Подобно «завизжавшему» списку жильцов, стеклам, самим по себе «лопающимся» в окнах Драмлита, стеклу, «всхлипнувшему» под ударом молотка Маргариты, и в отношении жанров также проявляется черта самостоятельности, независимости звуковых проявлений от какого-либо видимого источника воздействия на них, руководящей организующей воли конкретного лица. Данная черта получает выражение как наделение единым личностным самосознанием группы работников филиала, что связано с проекцией звучания толпы на реальность как московских, так и иерусалимских глав. Отмеченная параллель усиливается и упоминанием о том, что толпа жаждет зрелищ в иерусалимской главе «Понтий Пилат»; в московской же главе «Беспокойный день» поют работники городского зрелищного филиала. Подобно тому как толпа в главе «Понтий Пилат» желает увидеть чудо, работники филиала в московской главе чудесным образом поют без дирижера (что соотносится и с чудом, отождествляемым с «лопающимися самими собой» стеклами в здании Драмлита в главе «Полет»).

Интересно то, что в главе «Беспокойный день» необычное явление слухового ряда предваряется ситуацией зрительного ряда — костюм, сам подписывающий резолюции, без человека, также исчезнувшего (что напоминает главу «Органчик» из «Истории одного города» М. Салтыкова-Щедрина). В романе эти две ситуации поданы подряд и видятся глазами бухгалтера. Зрительная координата (приобретающая в романе также значение цветовой) становится дополнительным фактором, остраняющим ситуацию. При этом смысловое сочетание слухового и зрительного фактора в контексте «невидения» (или исчезновения) связано с упоминанием телефона в романе. Данная предметно-звуковая реалия воссоздает черты современной звуковой коммуникативной ситуации: слышание, но невидение участников разговора (также поют и участники пения, не видя дирижера).

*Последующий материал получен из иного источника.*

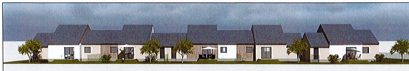
FAÇADES SUR JARDINS

Можно заключить, что чудо в упомянутых главах приобретает сниженно-остраненный характер, отражаясь в явлениях слухового и зрительного порядка. Подобное значение подтверждается и ситуационным контекстом. Так, толпа в главе «Понтий Пилат» желает увидеть «как человек, который уже был в руках смерти, вырвался из этих рук» (с. 52). Действующими лицами московской главы становятся работники «комиссии зрелищ и увеселений облегченного типа». Предстает в сниженном, облегченном варианте сама категория чудесного.

Комический эффект создается и следующими словами:

И тут же, по рассказу девицы, отрекомендовал его всем обедающим в столовой филиала как видного специалиста по организации хоровых кружков. (С. 201).

В целом остраняется ситуация пения в условиях хорового кружка как способ перенесения условий сцены в окружающую действительность (филиал).

Карикатурные черты приобретает сам жанр популярной песни:

Лишь только первый грузовик, качнувшись в воротах, выехал в переулок, служащие, стоящие на платформе и держащие друг друга за плечи, раскрыли рты, и весь переулок огласился популярной песней. (С. 202).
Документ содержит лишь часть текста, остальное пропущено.